This general downward exposure trend suggests relationships among multiple regulatory and nonregulatory forces, including but by no means limited to Prop 65. Further, biannual publication of national exposure data on specific chemicals, and the media campaigns and coverage this reporting generates, may itself prompt regulators, businesses, and individuals to take actions that reduce exposure.59 Thus, exposure to biomonitored chemicals may be becoming less prevalent specifically because of the attention that biomonitoring generates. These factors, particularly when combined with the lack of biomonitoring data for most Prop 65-listed chemicals, make it difficult to isolate the influence of Prop 65 on exposures.

In a few specific instances, Prop 65 appears very likely to have influenced exposures.
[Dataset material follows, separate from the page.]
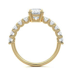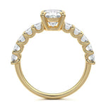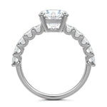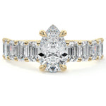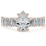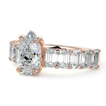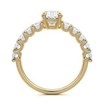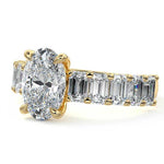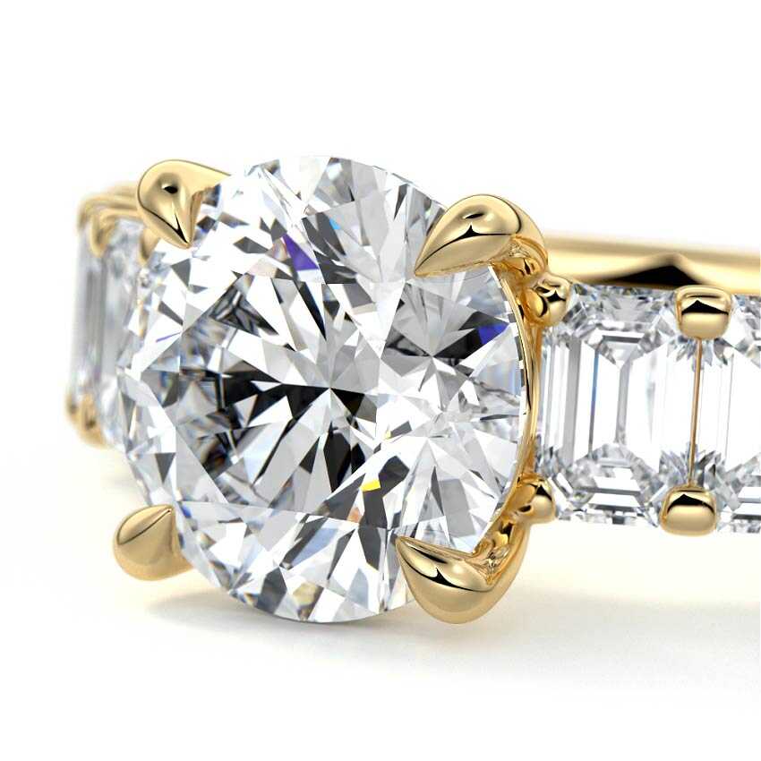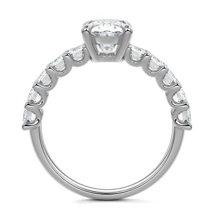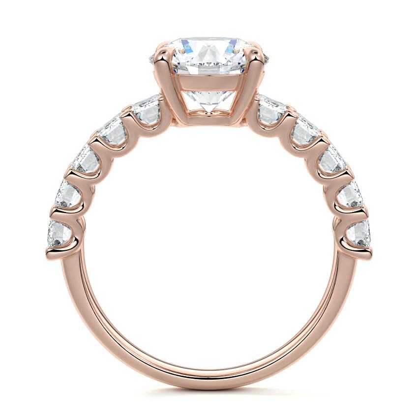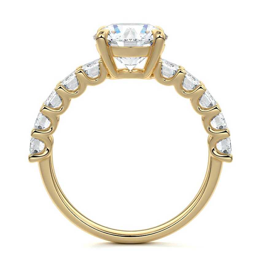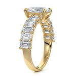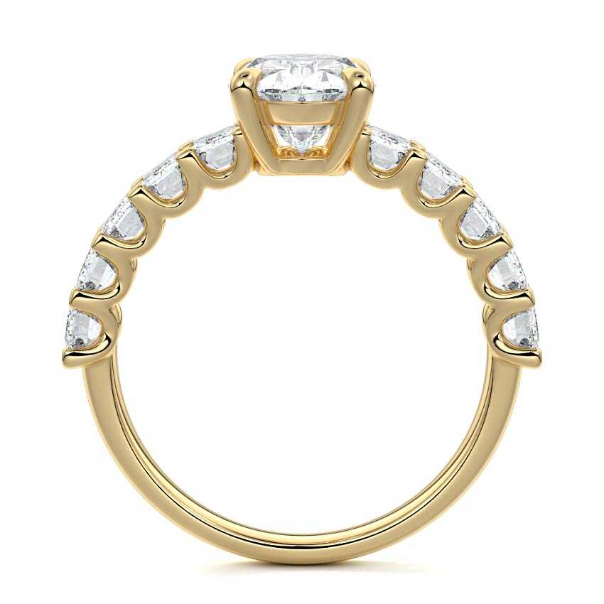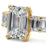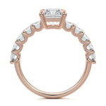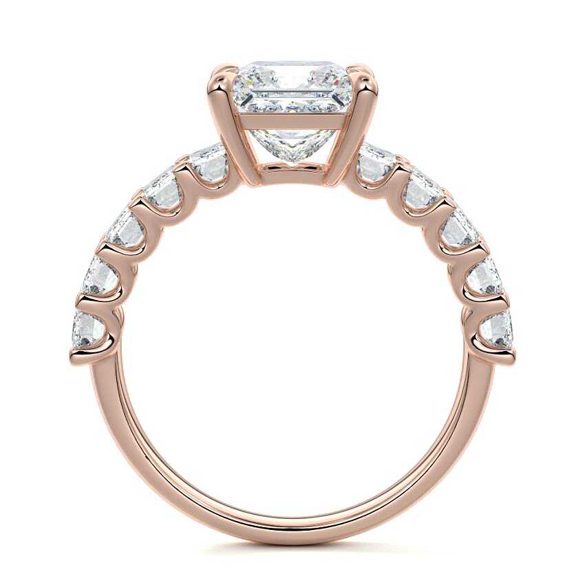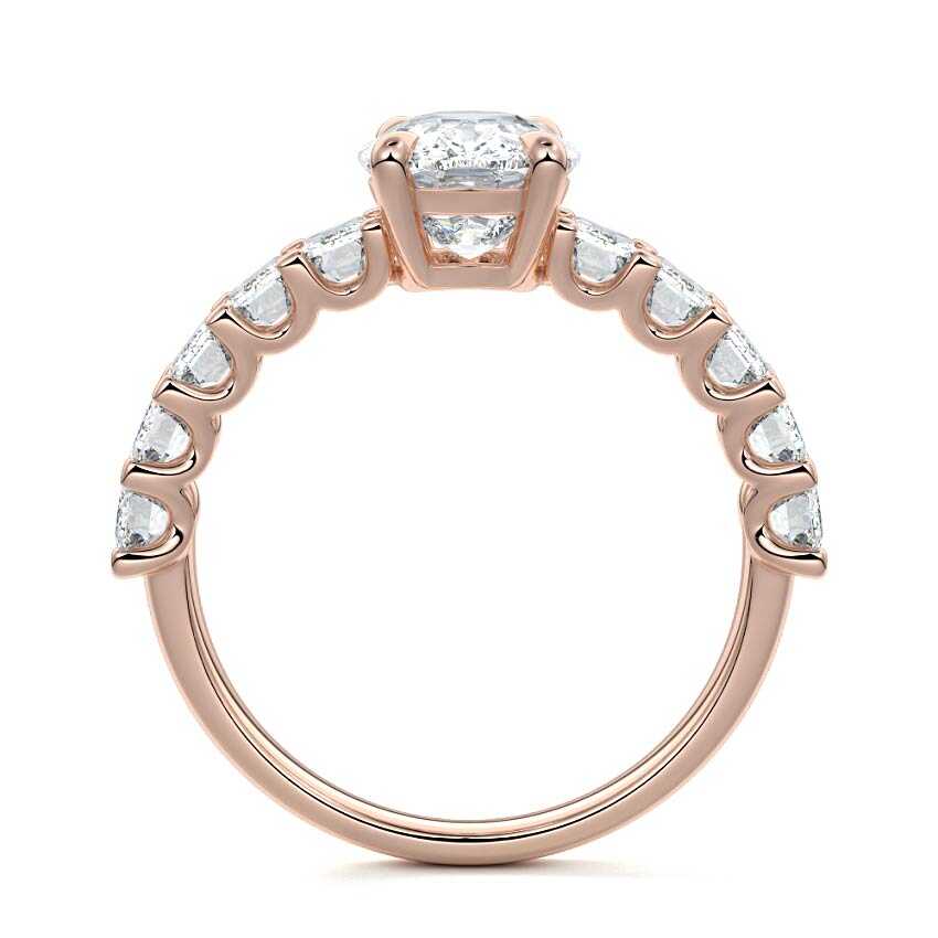This stunning engagement ring features a half-way band set with sparkling emerald-cut diamonds, creating a breathtakingly elegant design. The elongated shape of the emerald diamonds lends a modern touch while enhancing the ring's overall clarity and brilliance. The half-way setting allows for an unobstructed view of the center stone, ensuring the entire ring has an ice-clear appearance. Perfect for those who appreciate unique, sophisticated jewelry, this ring is a striking symbol of love and commitment.

For example, DEHP’s listing was followed by considerable, highly publicized Prop 65 enforcement litigation,60 as well as attention from media, civil society, and the legislature regarding the chemical’s toxicity and ubiquity.7 These direct and indirect effects of Prop 65 listing clearly prompted market deselection as companies settled cases by agreeing to reformulate DEHP-containing products, and California imposed limits on some uses of DEHP.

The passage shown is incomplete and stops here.